Only the lines in the entries below from the line with "Odkryj magiczny świat" to the line with "Glow isolated white", both included, belong in the answer, transcribed exactly and without pictures.

### [DATA RECORDS]
= Beginning of Section =
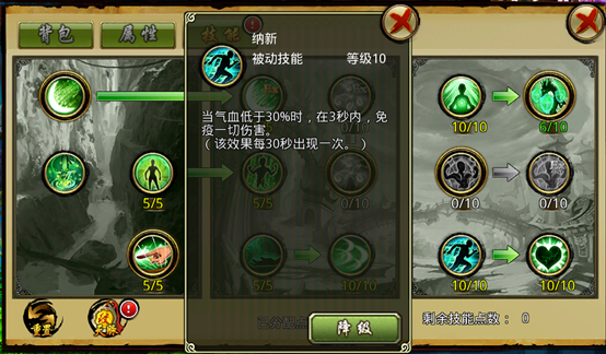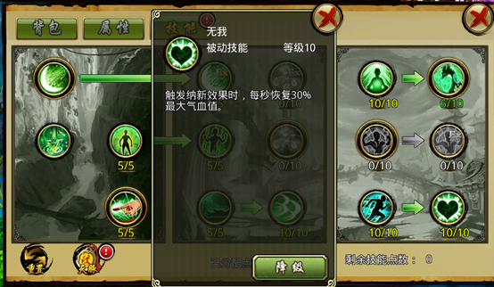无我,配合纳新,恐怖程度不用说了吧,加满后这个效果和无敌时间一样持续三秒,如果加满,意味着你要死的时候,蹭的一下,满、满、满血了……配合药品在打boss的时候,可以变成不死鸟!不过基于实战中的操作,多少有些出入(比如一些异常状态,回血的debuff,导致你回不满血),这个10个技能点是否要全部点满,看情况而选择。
= End of Section =
= Beginning of Section =
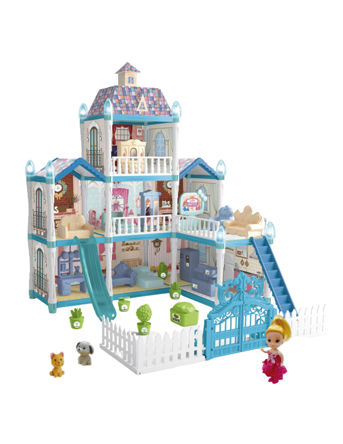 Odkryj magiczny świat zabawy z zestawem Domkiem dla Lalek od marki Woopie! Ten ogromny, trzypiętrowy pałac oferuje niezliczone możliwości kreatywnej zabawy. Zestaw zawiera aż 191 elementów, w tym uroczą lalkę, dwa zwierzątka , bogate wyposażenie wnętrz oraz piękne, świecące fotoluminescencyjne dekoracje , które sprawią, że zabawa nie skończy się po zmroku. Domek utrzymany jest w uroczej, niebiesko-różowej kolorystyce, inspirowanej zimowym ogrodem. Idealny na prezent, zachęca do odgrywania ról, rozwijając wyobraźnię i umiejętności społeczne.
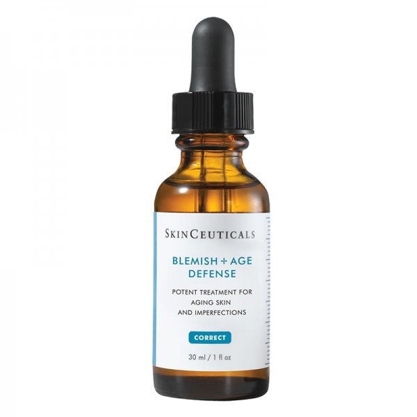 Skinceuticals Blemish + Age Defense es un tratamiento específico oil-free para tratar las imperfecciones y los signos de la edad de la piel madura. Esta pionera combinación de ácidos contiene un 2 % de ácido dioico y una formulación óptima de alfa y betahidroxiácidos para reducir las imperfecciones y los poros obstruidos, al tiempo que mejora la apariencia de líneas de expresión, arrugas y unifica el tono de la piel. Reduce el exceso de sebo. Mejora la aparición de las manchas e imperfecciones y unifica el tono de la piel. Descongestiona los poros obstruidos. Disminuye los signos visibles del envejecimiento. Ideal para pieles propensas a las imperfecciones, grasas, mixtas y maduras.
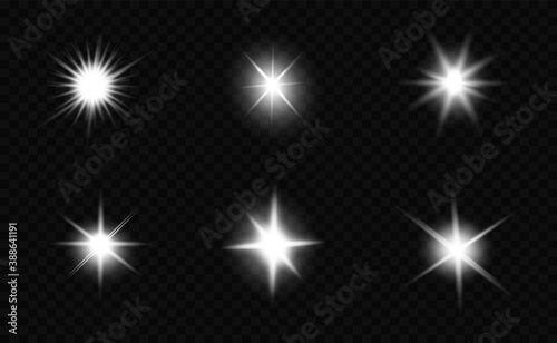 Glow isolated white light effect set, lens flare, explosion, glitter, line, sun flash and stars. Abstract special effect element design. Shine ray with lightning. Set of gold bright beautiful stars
= End of Section =
### [SOLVED PROBLEM]
 Odkryj magiczny świat zabawy z zestawem Domkiem dla Lalek od marki Woopie! Ten ogromny, trzypiętrowy pałac oferuje niezliczone możliwości kreatywnej zabawy. Zestaw zawiera aż 191 elementów, w tym uroczą lalkę, dwa zwierzątka , bogate wyposażenie wnętrz oraz piękne, świecące fotoluminescencyjne dekoracje , które sprawią, że zabawa nie skończy się po zmroku. Domek utrzymany jest w uroczej, niebiesko-różowej kolorystyce, inspirowanej zimowym ogrodem. Idealny na prezent, zachęca do odgrywania ról, rozwijając wyobraźnię i umiejętności społeczne.
 Skinceuticals Blemish + Age Defense es un tratamiento específico oil-free para tratar las imperfecciones y los signos de la edad de la piel madura. Esta pionera combinación de ácidos contiene un 2 % de ácido dioico y una formulación óptima de alfa y betahidroxiácidos para reducir las imperfecciones y los poros obstruidos, al tiempo que mejora la apariencia de líneas de expresión, arrugas y unifica el tono de la piel. Reduce el exceso de sebo. Mejora la aparición de las manchas e imperfecciones y unifica el tono de la piel. Descongestiona los poros obstruidos. Disminuye los signos visibles del envejecimiento. Ideal para pieles propensas a las imperfecciones, grasas, mixtas y maduras.
 Glow isolated white light effect set, lens flare, explosion, glitter, line, sun flash and stars. Abstract special effect element design. Shine ray with lightning. Set of gold bright beautiful stars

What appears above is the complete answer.